If search bots are spending time on your site just running into walls and spinning around in circles, that's time they won't be spending crawling your carefully-optimized content, and as we know from part 1 of this series , the more often Googlebot crawls a page, the better that page will rank.

But persistent HTTP errors and other bot-confounding behaviors just squander your crawl budget, limiting the potential for improvement elsewhere. In this installment, we'll look at the different types of crawl errors, what they mean, and how to discover and monitor them on your site.

Broken links

Broken links just happen. Writers mangle links while editing content. Developers mangle links when the logic to auto-generate those links fails to account for some potential condition (or if they're just ignorant of basic on-page technical SEO).

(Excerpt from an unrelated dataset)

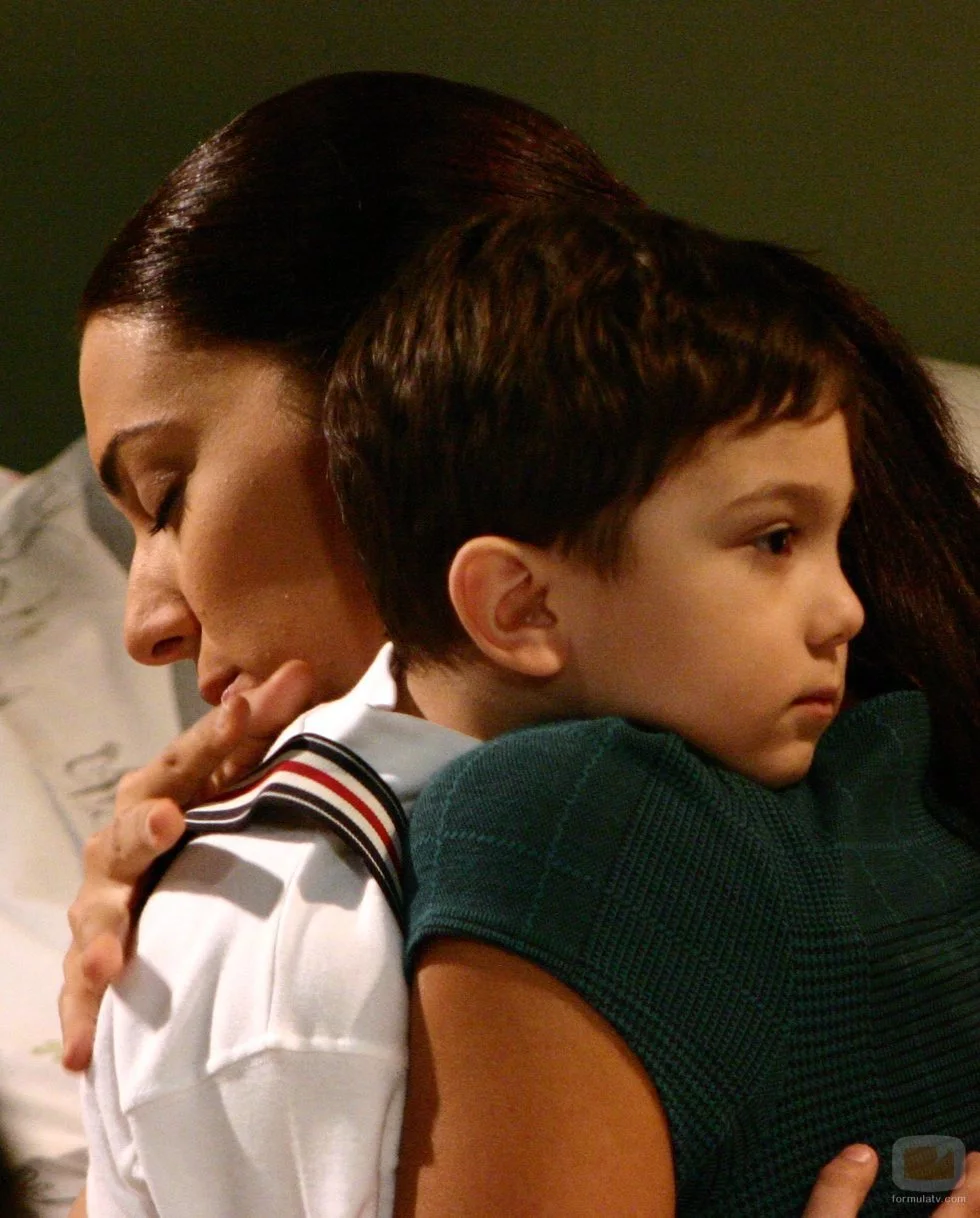Sherezade Evliyaoglu, protagonista de la ficción 'Las mil y una noches' que puede verse en Nova, abraza a su hijo Kaan.

Broken links make SEOs see red! With multi-user CMS environments, people fat-finger the delete button or change settings that can cause important pages to suddenly go missing and return "404 Not Found" errors. The bots will follow these links repeatedly.

404s are okay in and of themselves; they're not going to hurt your rankings unless more of your indexed pages are returning 404 than not (e.g., high-turnover content like individual URLs of for-sale listings, or large-catalog e-commerce with fluctuating availability). Outside of such extreme cases, Google knows that accidents happen and will re-crawl previously-good URLs that have gone 404 just in case they've come back.

That's a great service, but your site's crawl budget is still eroded by every request that Googlebot spends handling an error response instead of discovering valuable content, so it's obviously important to monitor 400-level errors and resolve whatever you can so they stop happening, whether that's restoring content on that URL so it can return 200, or 301-redirecting it to a functioning URL with similar content in order to preserve the page authority that the now-404ing URL had accumulated.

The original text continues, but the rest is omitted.